Ferrocenyl-Substituted Triazatruxenes: Synthesis, Electronic Properties, and the Impact of Ferrocenyl Residues on Directional On-Surface Switching on Ag(111)

[Image: see text] We report on seven new ferrocenyl-(1, 3)- and ferrocenylethynyl-modified N,N′,N″-triethyltriazatruxenes ((Et)TATs) 4–7 as well as the dodecyl counterpart 2 of compound 1 and their use as molecular switching units when deposited on a Ag(111) surface. Such functional units may constitute a new approach to molecule-based high-density information storage and processing. Besides the five compounds 1–3, 6, and 7, where the 3-fold rotational symmetry of the triazatruxene (TAT) template is preserved, we also included 2-ethynylferrocenyl-TAT 4 and 2,2′-di(ethynylferrocenyl)-TAT 5, whose mono- and disubstitution patterns break the 3-fold symmetry of the TAT core. Voltammetric studies indicate that the ferrocenyl residues of compounds 1–7 oxidize prior to the oxidation of the TAT core.
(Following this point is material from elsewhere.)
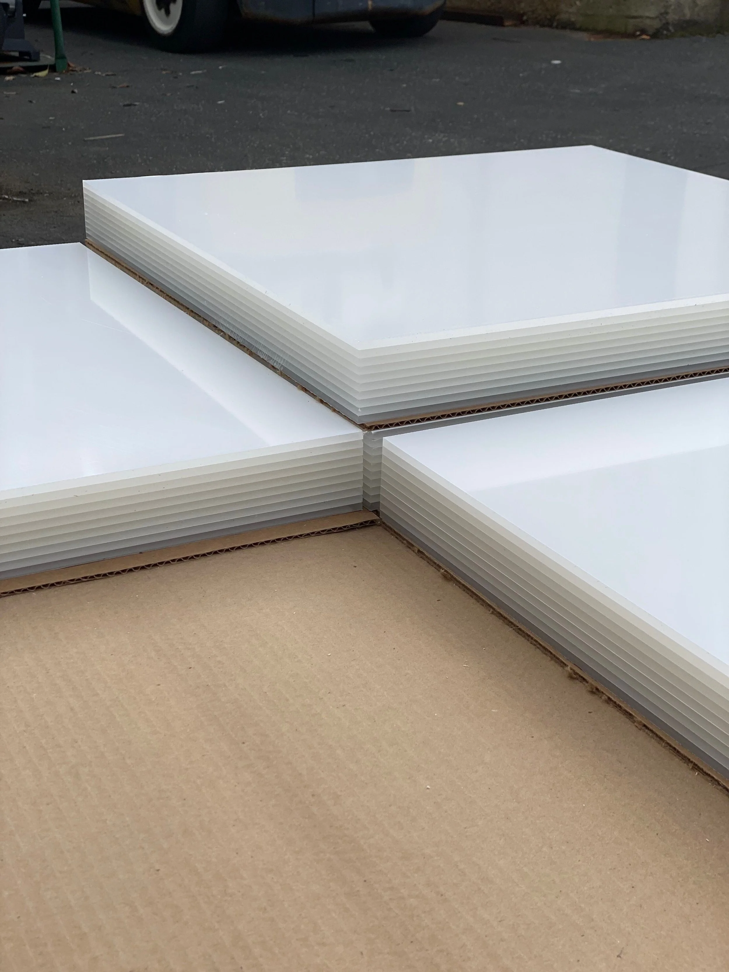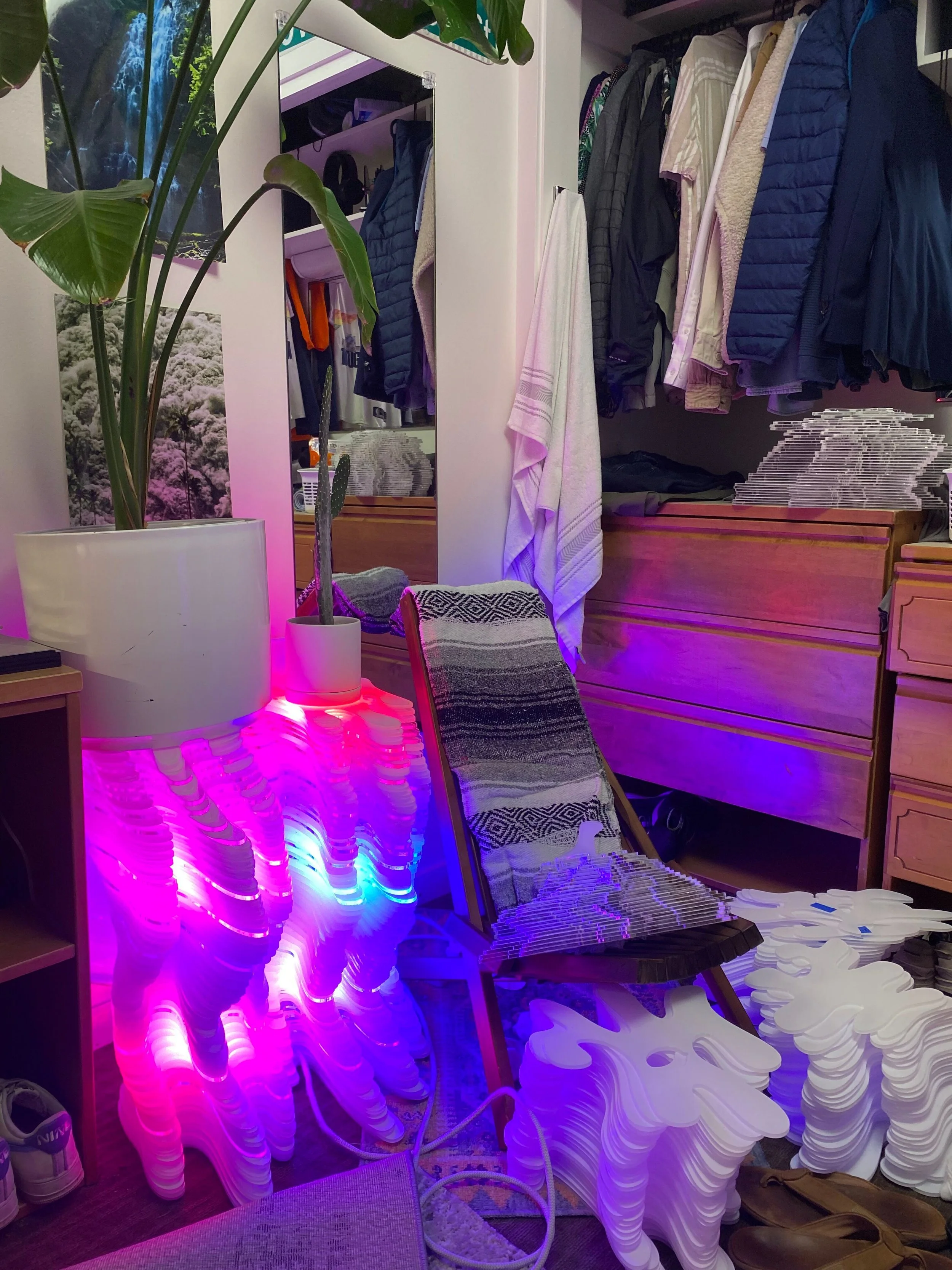 Mirage - FXMSculptural lighting feature contracted by Stanford Fashion X Market containing over 200 individual panes of acrylic. This piece was inspired by the natural beauty of the Cholla Cactus and Blue Ridge Coral.

We have noted strong electrostatic effects on TAT oxidation in the 2,2′,2″-triferrocenyl-TAT derivatives 1 and 2 and the 3,3′,3″-isomer 3. The oxidized complexes feature multiple electronic excitations in the near-infrared and the visible spectra, which are assigned to d(δ/δ(*)) transitions of the ferrocenium (Fc(+)) moieties, as well as TAT → Fc(+) charge-transfer transitions. The latter are augmented by intervalence charge-transfer contributions Fc → Fc(+) in mixed-valent states, where only a part of the available ferrocenyl residues is oxidized. (Et)TAT was previously identified as a directional three-level switching unit when deposited on Ag(111) and constitutes a trinary-digit unit for on-surface information storage. The symmetrically trisubstituted compound 6 retains this property, albeit at somewhat reduced switching rates due to the additional interaction between the ferrocenyl residues and the Ag surface. In particular, the high directionality at low bias and the inversion of the preferred sense of the on-surface rocking motion with either a clockwise or counterclockwise switching sense, depending on the identity of the surface enantiomer, are preserved. Unsymmetrical substitution in mono- and diferrocenylated 4 and 5 alters the underlying ratchet potential in a manner such that a two-state switching between the two degenerate surface conformations of 4 or a pronounced suppression of switching (5) is observed.